There is this film noir atmosphere in the first two seasons of The Adventures of Superman that begins for television viewers with "The Haunted Lighthouse." It actually started in the radio serials as many had some pretty heavy scenes for something labelled as a "children's show." By season three, when the color episodes begin, the TV series becomes more of a kid's program. Still, in spite of the darkness of this episode, there is a lighthearted moment when Jimmy learns that the voice he heard was just Aunt Louisa's parrot wanting to be let into the house. This eases tension and gives us another reason why this episode is so fantastic.
"The Haunted Lighthouse" is not Jack Larson's first appearance in The Adventures of Superman, but we really don't see him until the third act of "Superman On Earth." He doesn't do much beyond run into Perry White's office and drive Lois Lane to the airfield. Larson really gets a chance to shine in this episode, and his acting is superb. No wonder many consider him to be the quintessential Jimmy Olsen.

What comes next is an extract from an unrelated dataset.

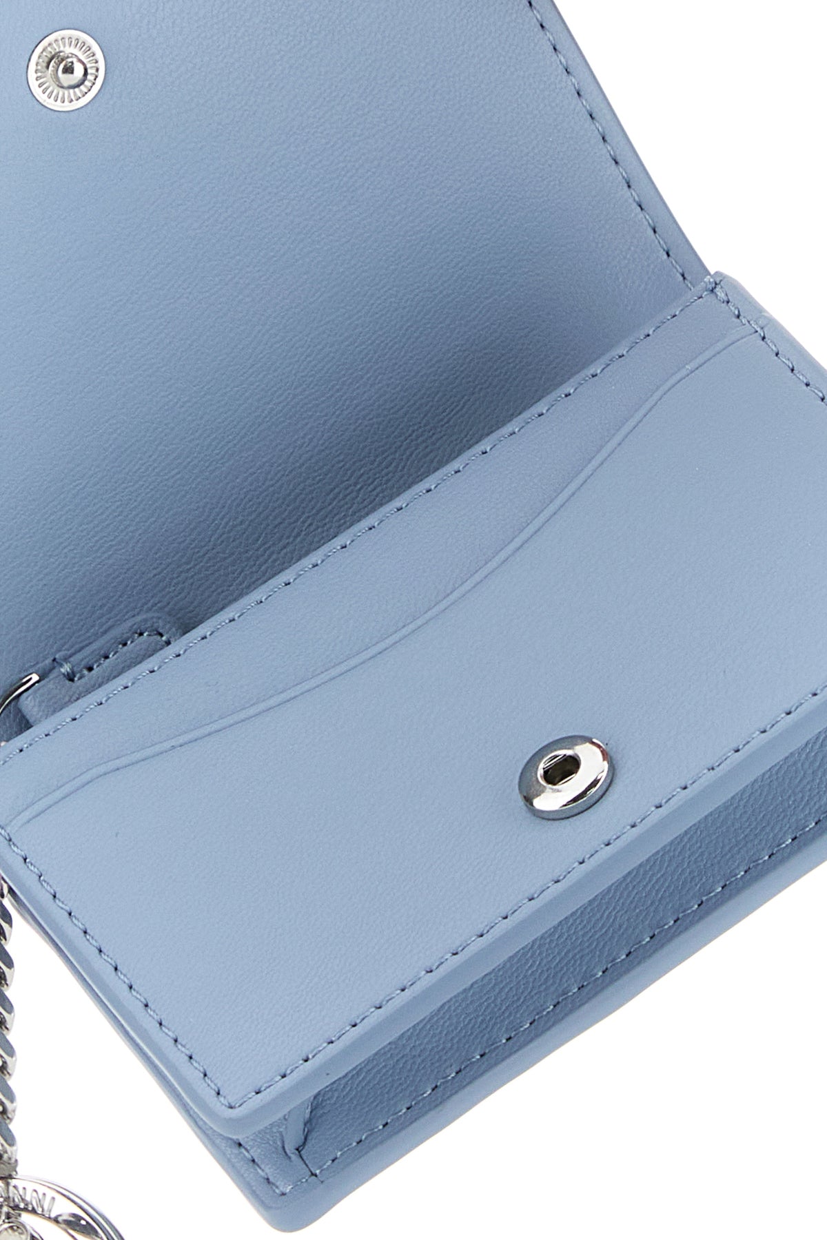 Coin purse realized in leather characterized by peculiar logoed print at the front and embossed logo at the back enriched by logoed patch at the front.
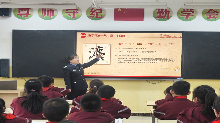 为进一步加强青少年法治宣传教育,树立知法、学法、懂法、守法的法治观念,在第十二个国家宪法日来临之际,高陵区司法局姬家司法所走进经开区第十六小学,以“宪”进校园 ,“灋”护成长为主题为师生们带来一场生动有趣的法治启蒙课。

The Adventures of Superman provides the viewer with something rare in television. The first two episodes are extremely well done. Normally, a series doesn't really get going for me until some time around episode three or four. Star Trek: The Next Generation is a perfect example of that. However, this series has provided us with two beginning episodes that have fantastic writing and stupendous acting. "The Haunted Lighthouse" is thirty minutes of good, quality entertainment. TV shows in this day and age could learn a lot from the cast and crew.